WHAT TO WORK ON:
Please take the records that follow and repeat exactly the lines starting with the line with "The competition involved" and going on through the line with "생기한의원과 함께하신 생생한 자필 및 영상 후기를 소개합니다.".

MATERIAL FOR THIS TASK:
┌──
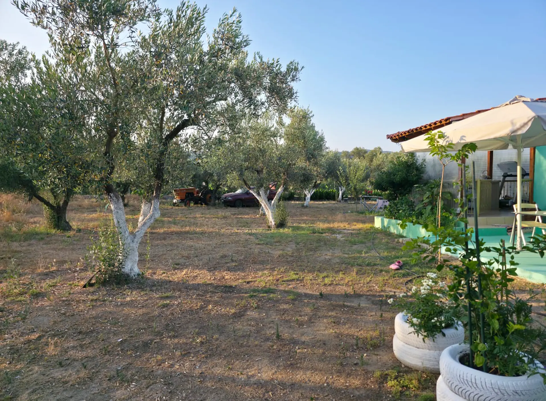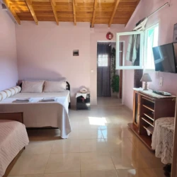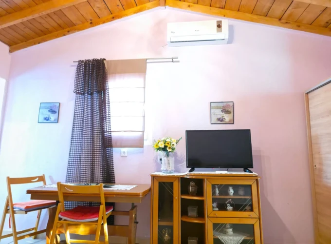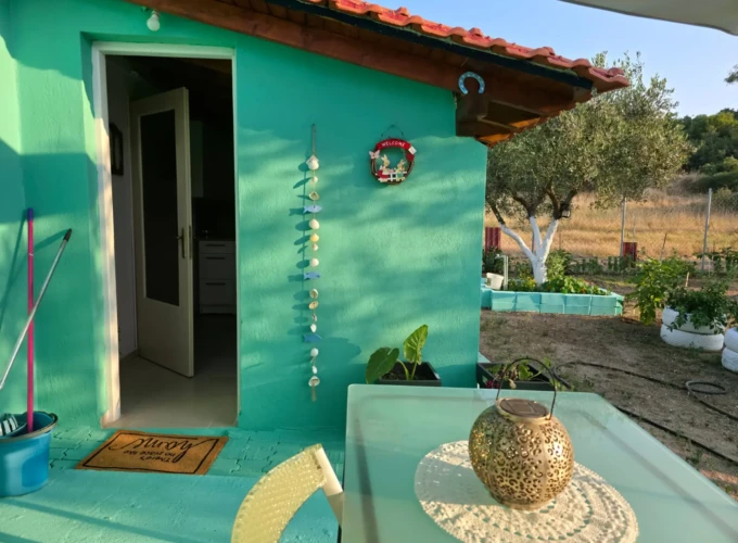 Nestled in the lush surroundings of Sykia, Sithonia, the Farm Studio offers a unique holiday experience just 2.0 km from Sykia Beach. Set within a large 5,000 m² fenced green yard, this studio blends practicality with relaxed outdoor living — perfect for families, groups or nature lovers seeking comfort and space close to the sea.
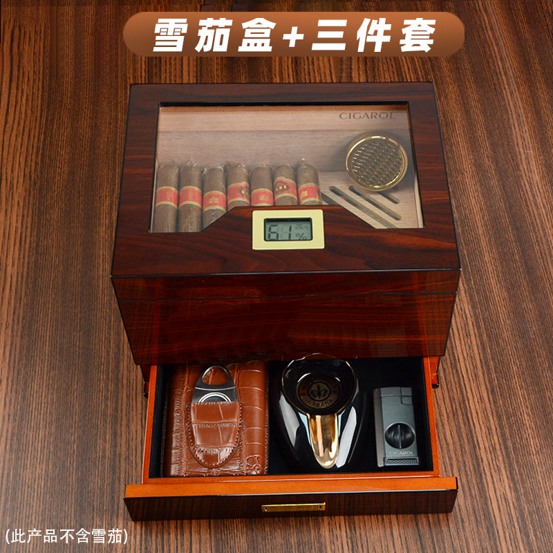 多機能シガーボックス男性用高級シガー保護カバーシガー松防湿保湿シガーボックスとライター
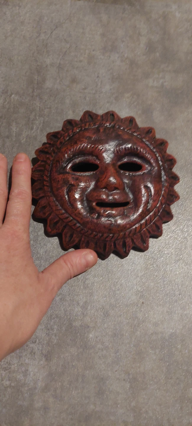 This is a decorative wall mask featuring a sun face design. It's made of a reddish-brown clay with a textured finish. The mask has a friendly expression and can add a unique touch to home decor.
└──
┌──
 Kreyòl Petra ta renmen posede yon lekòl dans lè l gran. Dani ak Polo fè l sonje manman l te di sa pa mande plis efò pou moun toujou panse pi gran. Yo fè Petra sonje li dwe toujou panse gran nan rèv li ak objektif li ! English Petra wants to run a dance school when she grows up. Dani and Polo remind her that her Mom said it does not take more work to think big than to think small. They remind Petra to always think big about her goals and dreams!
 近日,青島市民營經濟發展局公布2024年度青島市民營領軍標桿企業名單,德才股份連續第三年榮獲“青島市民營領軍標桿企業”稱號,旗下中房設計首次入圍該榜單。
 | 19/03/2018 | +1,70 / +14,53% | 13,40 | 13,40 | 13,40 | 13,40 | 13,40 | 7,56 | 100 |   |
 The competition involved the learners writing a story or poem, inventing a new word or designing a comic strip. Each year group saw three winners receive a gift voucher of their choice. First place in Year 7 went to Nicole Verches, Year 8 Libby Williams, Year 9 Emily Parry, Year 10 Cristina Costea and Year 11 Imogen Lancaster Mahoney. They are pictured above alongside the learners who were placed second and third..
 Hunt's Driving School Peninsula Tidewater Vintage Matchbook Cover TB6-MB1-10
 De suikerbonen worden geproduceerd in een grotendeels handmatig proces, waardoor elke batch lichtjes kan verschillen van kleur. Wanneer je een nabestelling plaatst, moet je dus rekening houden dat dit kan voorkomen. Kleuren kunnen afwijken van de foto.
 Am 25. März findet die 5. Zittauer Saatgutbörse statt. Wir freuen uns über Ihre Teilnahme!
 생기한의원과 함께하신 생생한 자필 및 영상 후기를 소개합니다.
└──
┌──
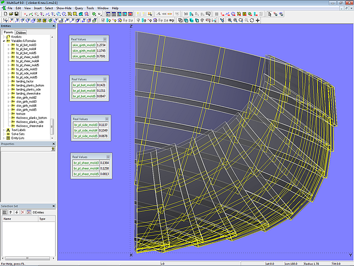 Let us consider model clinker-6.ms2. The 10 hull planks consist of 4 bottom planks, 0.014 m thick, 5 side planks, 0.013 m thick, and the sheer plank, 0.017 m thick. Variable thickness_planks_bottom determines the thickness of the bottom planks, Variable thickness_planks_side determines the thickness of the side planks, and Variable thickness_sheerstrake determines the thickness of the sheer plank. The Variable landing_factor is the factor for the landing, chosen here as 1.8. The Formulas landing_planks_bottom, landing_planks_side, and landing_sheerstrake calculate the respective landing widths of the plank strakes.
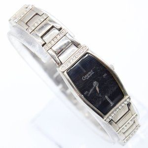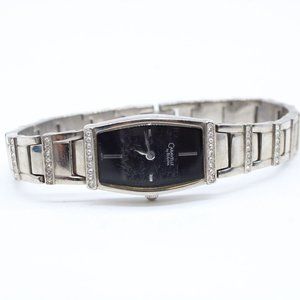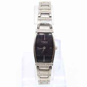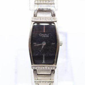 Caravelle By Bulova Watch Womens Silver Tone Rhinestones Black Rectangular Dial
└──
SOLUTION TO THE EXERCISE:
 The competition involved the learners writing a story or poem, inventing a new word or designing a comic strip. Each year group saw three winners receive a gift voucher of their choice. First place in Year 7 went to Nicole Verches, Year 8 Libby Williams, Year 9 Emily Parry, Year 10 Cristina Costea and Year 11 Imogen Lancaster Mahoney. They are pictured above alongside the learners who were placed second and third..
 Hunt's Driving School Peninsula Tidewater Vintage Matchbook Cover TB6-MB1-10
 De suikerbonen worden geproduceerd in een grotendeels handmatig proces, waardoor elke batch lichtjes kan verschillen van kleur. Wanneer je een nabestelling plaatst, moet je dus rekening houden dat dit kan voorkomen. Kleuren kunnen afwijken van de foto.
 Am 25. März findet die 5. Zittauer Saatgutbörse statt. Wir freuen uns über Ihre Teilnahme!
 생기한의원과 함께하신 생생한 자필 및 영상 후기를 소개합니다.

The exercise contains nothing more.